Carlos Benedito Martins – Doutor em Sociologia. Professor Titular da Universidade de Brasília (UnB),
Instituto de Ciências Humanas, Departamento de Sociologia. Realizou pós-doutoramento na Universidade
de Columbia. Coordenador da linha de pesquisa Educação Ciência e Tecnologia do Programa de Mestrado
e Doutorado em Sociologia. Atualmente é um dos Coordenadores do GT Configurações do Ensino
Superior Contemporâneo da ANPOCS e do GT Educação Superior na Sociedade Contemporânea da
Sociedade Brasileira de Sociologia (SBS). É vice-presidente da Sociedade Brasileira de Sociologia (2013-
2015). Membro do Comitê de Assessoramento Institucional da Associação Nacional de Pós-Graduação
e Pesquisa em Ciências Sociais ANPOCS (2014-2016). Áreas de atuação: Teoria Social, sociologia da
educação e do ensino superior. Publicações recentes: Passado e presente da Sociologia Norte-americana.

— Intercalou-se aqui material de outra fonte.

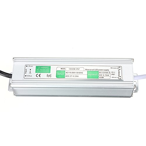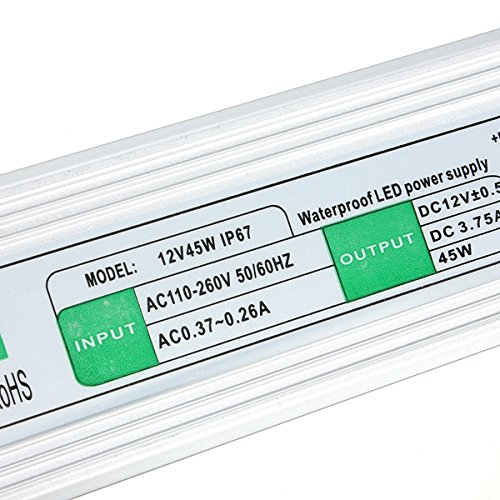 Specification:Item Type: LED DriverWattage: 45WInput Voltage: AC110-260V 50-60HZOutput Voltage: DC 12V 3.75AShell Material: Aluminum AlloysWaterproof Level: IP67Size (L x W x H): 157mmx44mmx33mm Feature:Waterproof level is IP67,can be used in shallow water, for outdoor useWith the functions of overvoltage protection, short circuit protection and overload protectionSuitable for all LED light which need DC12V power supplyIt is easy connection and simplicity to use Package Included:1 x Power Supply Driver

Revista Brasileira de Ciências Sociais (Impresso), v. 30, p. 163-169, 2015; Em defesa do conceito de
sociedade. Revista Brasileira de Ciências Sociais (Impresso), v. 28, p. 229-246, 2013; Reconfiguring
higher education in Brazil: the participation of private institutions. Análise Social, v. XLVIII, p. 622-658,
2013.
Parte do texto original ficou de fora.